In England, tributes were issued by current men's and women's national team players and staff. Included was England women's team manager Sarina Wiegman, who issued a statement reading how "This summer she took the time to write to me and my players congratulating us for our success," referring to Elizabeth II's message of congratulations after England won UEFA Women's Euro 2022 as hosts at the end of July – ultimately the final senior UEFA or FIFA tournament of Elizabeth II's reign, the Lionesses' first major trophy and England's first major senior trophy, men's or women's, since the men's team won the 1966 FIFA World Cup as hosts and the Queen had presented the Jules Rimet Trophy to Bobby Moore. Wiegman continued, "In that letter she called us an 'inspiration for girls and women'. It is you, your Majesty, who was the inspiration with your unrelenting work ethic, leadership, dignity and kindness."

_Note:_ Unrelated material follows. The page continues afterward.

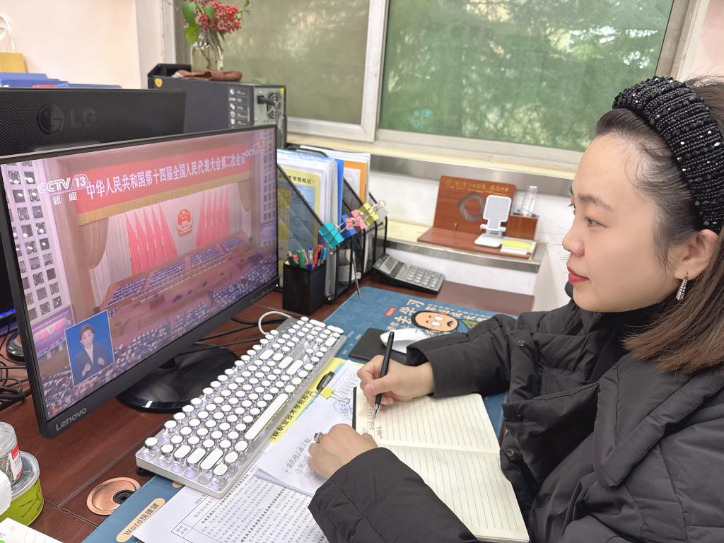 目标已定、任务已明,关键之年当有关键之为。作为一名高校教育工作者,我深感使命无上光荣,更知责任千钧之重。我将认真学习贯彻落实全国两会精神,锤炼对党忠诚、信念坚定的政治品格,带头学懂弄通做实习近平新时代中国特色社会主义思想,深刻领悟“两个确立”的决定性意义,当好践行“两个维护”的排头兵,以“时代新人铸魂工程”为统领,践行“以学生为中心”的教育理念,发扬历史主动精神,积极弘扬教育家精神,牢记为党育人、为国育才的初心使命,落实立德树人根本任务,贯彻落实教育强国、科技强国、人才强国战略,将思政课纳入课堂,勤学习,练内功,积极培育德智体美劳全面发展的时代新人,为学校加快建成特色高水平大学贡献青春力量!

When the English Premier League resumed the following week after the weekend's fixtures were called off following Elizabeth II's death, each fixture included all teams and match officials wearing black armbands. During the weekend games, bouquets were laid in the centre circle by representatives of each team and a minute's silence followed by "God Save the King" preceded kickoff. Specifically:

- Aston Villa F.C.−Southampton (Villa Park) – All lights in the ground turned out during the minute's silence before kickoff except for one spotlight on the centre circle and Elizabeth II being featured on the match programme.
- Wolverhampton Wanderers F.C.−Manchester City (Molineux Stadium) – Centre circle bouquets delivered by former players Steve Bull (Wolves) and Mike Summerbee (Manchester City).
- Newcastle United F.C.−Bournemouth (St James' Park) – Centre circle bouquets delivered by Newcastle co-owner Amanda Staveley and Bournemouth chairman Jeff Mostyn.
- Tottenham Hotspur F.C.−Leicester City F.C. (Tottenham Hotspur Stadium) – Centre circle bouquets delivered by former players Ledley King (Tottenham) and Emile Heskey (Leicester).
- Brentford−Arsenal (Brentford Community Stadium) – Centre circle bouquets delivered by managers Thomas Frank (Brentford) and Mikel Arteta (Arsenal).
- Everton−West Ham United F.C. (Goodison Park) – Centre circle bouquets delivered by managers Frank Lampard (Everton) and David Moyes (West Ham).

The English Women's Super League incorporated tributes ahead of their matches the same weekend, which was the opening weekend of their season. Three Premier League fixtures from the weekend – Crystal Palace-Brighton, Leeds United-Manchester United and Chelsea-Liverpool – were postponed due to policing issues as resources were allocated to the Queen's state funeral at Westminster Abbey on Monday, 19 September. At all Premier League and Women's Super League matches, video screens and perimeter boards displayed tribute images to Elizabeth II and flags were flown at half-mast.

In Scotland, the football governing body issued guidance on 12 September stating that clubs may wish to hold a period of silence as a mark of respect. In one match on 17 September a minute silence was booed and disrupted by "Lizzie's in a box" chants by a section of Dundee United F.C. fans to the tune of the KC and the Sunshine Band song 'Give It Up'. St Mirren then announced prior to their game against Celtic that a minute's applause would be observed instead. Earlier that week, UEFA opened disciplinary procedures against Celtic for the display of a banner reading "Fuck the Crown" and some believe St Mirren opted against a minute's silence in the hope that clapping would drown out anticipated boos. In response, Celtic fans chanted "If you hate the Royal Family clap your hands" throughout the minute of applause and unfurled a banner with the same message. The incident was televised live on Sky Sports and commentator Ian Crocker immediately apologised to viewers for any offence caused. Although footage avoided the Celtic away end where the banner could be seen, the message was audibly received above any applause as the cameras simultaneously cut to players and fans clapping. The Daily Mail had alleged Sky Sports production staff were instructed to turn down sound volume if Celtic fans began to sing about the Queen.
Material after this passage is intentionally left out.